How can I effectively split multiline string containing backslashes resulting in unwanted escape characters into separate lines?

Here is an example input I'm dealing with:

strInput = '''signalArr(0)="ASCB D\axx\bxx\fxx\nxx"
signalArr(1)="root\rxx\txx\vxx"'''

I've tried this (to transform single backslash into double.
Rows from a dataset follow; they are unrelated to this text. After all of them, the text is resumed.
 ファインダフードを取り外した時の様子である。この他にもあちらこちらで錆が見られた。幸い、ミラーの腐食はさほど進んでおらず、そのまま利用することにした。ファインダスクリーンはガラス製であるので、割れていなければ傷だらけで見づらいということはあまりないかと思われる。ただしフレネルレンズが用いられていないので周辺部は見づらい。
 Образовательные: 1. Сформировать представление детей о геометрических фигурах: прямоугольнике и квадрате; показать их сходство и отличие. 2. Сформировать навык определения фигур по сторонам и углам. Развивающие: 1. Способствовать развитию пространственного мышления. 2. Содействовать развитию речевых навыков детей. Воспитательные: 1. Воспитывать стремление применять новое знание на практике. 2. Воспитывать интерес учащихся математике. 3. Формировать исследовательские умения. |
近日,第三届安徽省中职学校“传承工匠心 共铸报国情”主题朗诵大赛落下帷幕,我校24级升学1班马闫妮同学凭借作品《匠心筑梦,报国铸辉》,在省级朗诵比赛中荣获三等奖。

So backslash escape would have precedence and following character would be treated "normally"):

def doubleBackslash(inputString):
    inputString.replace('\\','\\\\')
    inputString.replace('\a','\\a')
    inputString.replace('\b','\\b')
    inputString.replace('\f','\\f')
    inputString.replace('\n','\\n')
    inputString.replace('\r','\\r')
    inputString.replace('\t','\\t')
    inputString.replace('\v','\\v')
    return inputString

strInputProcessed = doubleBackslash(strInput)

I'd like to get:

lineList = strInputProcessed.splitlines()

>> ['signalArr(0)="ASCB D\axx\bxx\fxx\nxx"','signalArr(1)="root\rxx\txx\vxx"']

What I got:

>> ['signalArr(0)="ASCB D\x07xx\x08xx', 'xx', 'xx"', 'signalArr(1)="root', 'xx\txx', 'xx"']
Tehuan
  • 71
  • 1
  • 6

1 Answers1

6

Try storing your input as a raw string, then all '\n' characters will automatically be escaped:

>>> var = r'''abc\n
... cba'''
>>> print var
abc\n
cba
>>> var.splitlines()
['abc\\n', 'bca']

(Note the r before the '. This denotes the string is raw)
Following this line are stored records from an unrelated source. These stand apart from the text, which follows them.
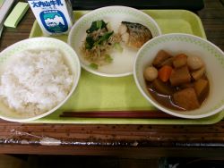 今日の献立は、サバの塩焼き、みそおでん、小松菜ともやしのおかかあえ、麦飯、牛乳でした。ごちそうさまでした。
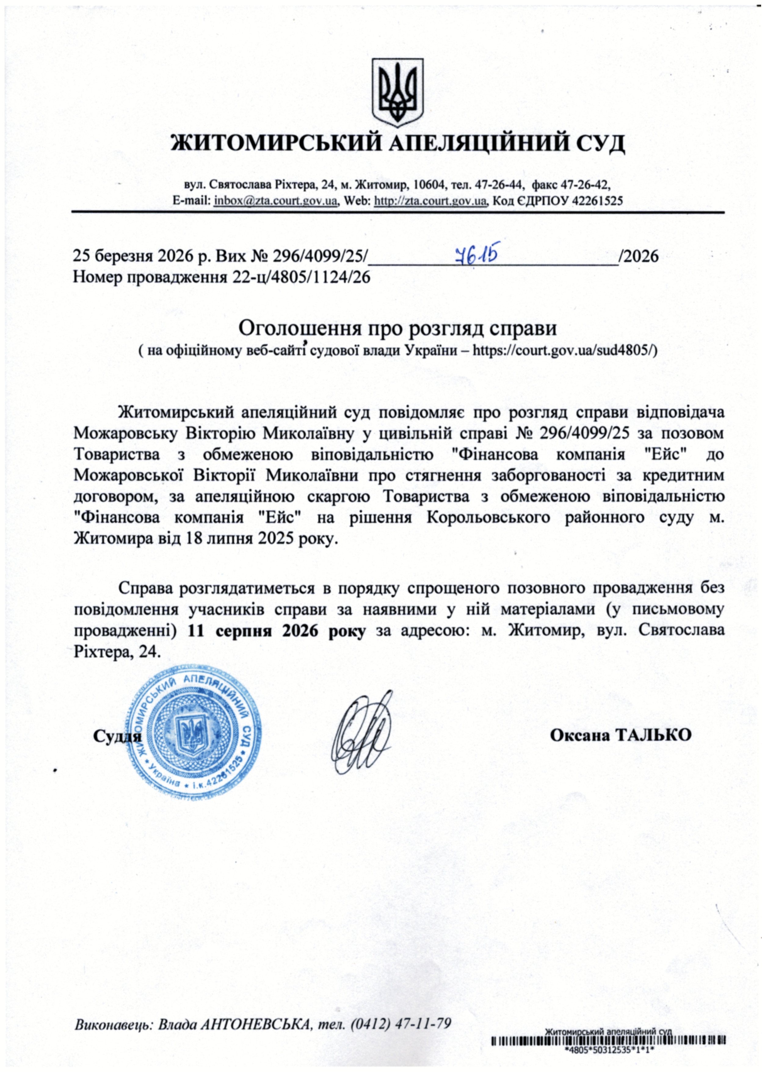 Житомирський апеляційний суд повідомляє про судове засідання по справі № 296/4099/25
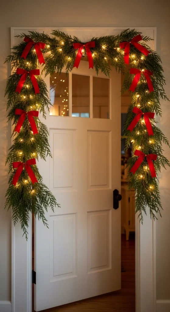 Framing a door with cedar garland creates a welcoming mood. Use command hooks to avoid wall damage. Add a slim ribbon for subtle color. This works for kitchens, hallways, and living rooms. The fresh greenery scent adds comfort. LED micro-lights make the garland glow softly without overpowering the space.

As an extra, if you wish to escape an existing string, instead of the replace commands you did above, you can use encode with 'string-escape'.

>>> s = 'abc\nabc\nabc'
>>> s.encode('string-escape')
'abc\\nabc\\nabc'

and similarly if needed, you can undo the string-escaping of a string.

>>> s.decode('string-escape')

Finally, thought I would add in your context:

>>> strInput = r'''signalArr(0)="ASCB D\axx\bxx\fxx\nxx"
... signalArr(1)="root\rxx\txx\vxx"'''
>>> strInput.splitlines()
['signalArr(0)="ASCB D\\axx\\bxx\\fxx\\nxx"', 'signalArr(1)="root\\rxx\\txx\\vxx"']

Even though the extra \ are present on the printed string, they don't really exist in memory. Iterating the string will prove this, as it does not give you an extra \ character that is used to escape.

>>> s = r'\a\b\c'
>>>
>>> for c in s:
...  print c
\
a
\
b
\
c
>>> list(s)
['\\', 'a', '\\', 'b', '\\', 'c']
J2C
  • 497
  • 4
  • 8